Bold Measures

UN’s Secretary-General, Antonio Guterres, wants the world to rise to the task of protecting refugees across the globe.

At this time of turbulence, the international community must do far more to shoulder this responsibility together. It is a moment to build a more equitable response to refugee crises through a sharing of responsibility.

Absolutely, the international community must, and the time is now.

However.

Taking in refugees ad lib is a fine feel-good measure, but it’s nothing more than virtue-signaling.  All this does is “help” those fortunate enough to escape, while the receiving nations cynically turn their backs on, and abandon, those who cannot escape and remain trapped in what those receiving nations agree—by their acceptance of refugees—are terrible conditions in the originating countries.

No.

If the international community truly wants to help refugees, the constituent nations will attack the problem at the source. They’ll enter refugee-creating nations and help them (or force them) to correct the ills that create such squalid, criminal, and otherwise dangerous conditions that citizens feel constrained to risk their lives trekking across vast deserts with inadequate supplies and security and floating across wide seas in inadequate boats with inadequate supplies to another, any other, nation. They’ll move to eliminate, or vastly mitigate, the need for people to become refugees.

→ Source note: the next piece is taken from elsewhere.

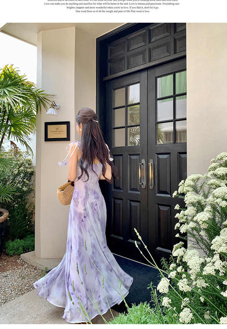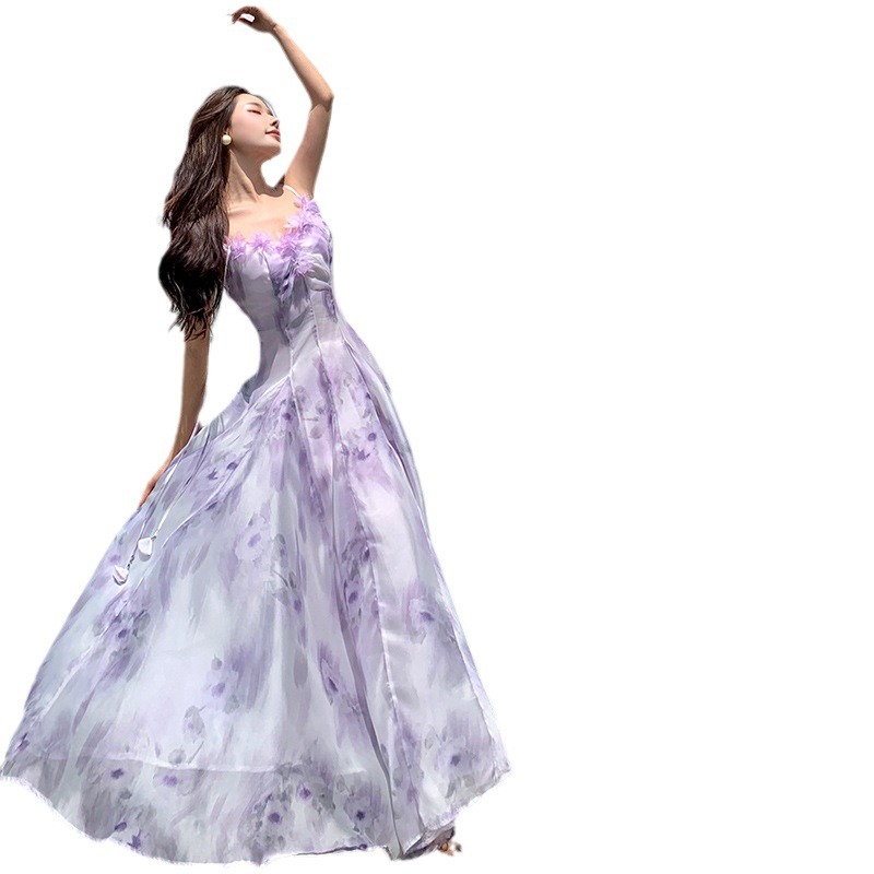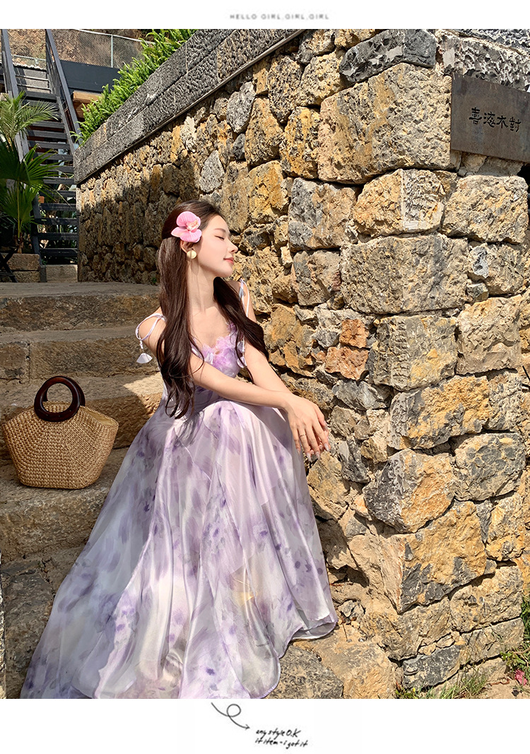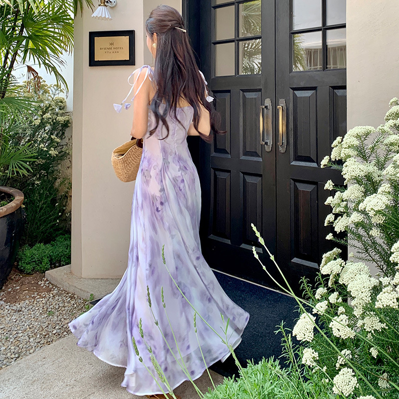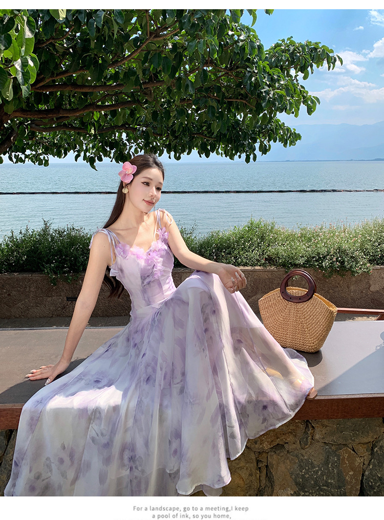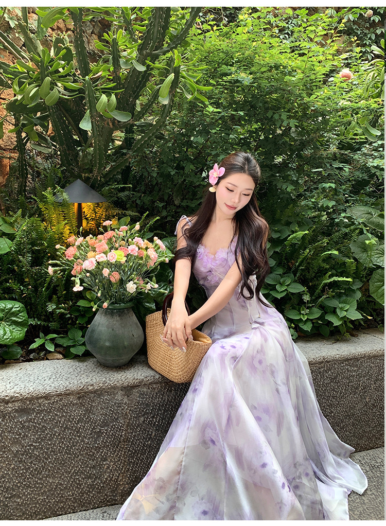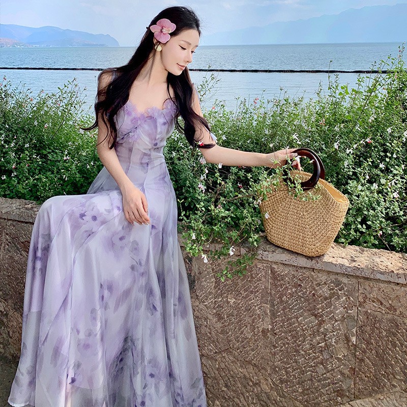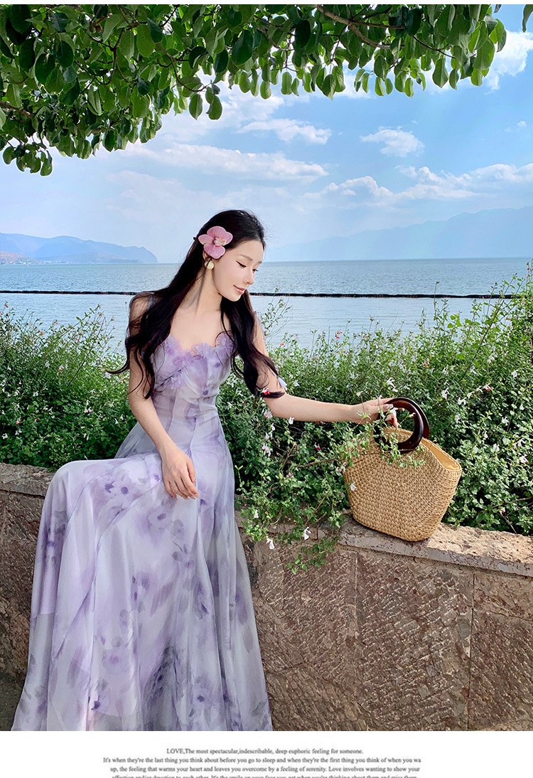 性感网红田园法式甜辣碎花公主雪纺收腰连衣裙女

Enter another nation to force changes—what about those nations’ sovereignty? That’s a valid consideration, but we must weigh that against the deprecation of sovereignty caused by accepting—encouraging—the brain drain and the economic drain, such as it is, that is created by encouraging the flight of what’s left of the best of those nations from those nations.

We also must balance those refugee-creating nations’ sovereignty against the sovereignty and human rights of the people themselves left in that squalor and those criminal and otherwise dangerous conditions.

Impeachments

House Speaker Nancy Pelosi (D, CA) having successfully led her caucus into a strictly partisan (tribal, in Congresswoman Tulsi Gabbard’s (D, HI) words), impeachment, she now has said she’ll withhold her Articles of Impeachment until she gets her way on how the Senate will conduct its trial (and because she understands her caucus has no case to present for trial).

Senate Minority Leader Chuck Schumer (D, NY), working in concert with his BFF in the House, is demanding that the Senate call additional witnesses, confessing thereby that the House Progressive-Democrat caucus has not produced sufficient evidence to make its case.

Both are wrong, though.  This is not an Article III or State criminal trial proceeding; it’s a Federal Legislative Branch Impeachment proceeding.  The House investigates and develops the relevant facts.  The Senate conducts a trial based on those facts.

We are not Medieval England where the judges conduct their own investigation.

Even Pelosi and Schumer should understand that.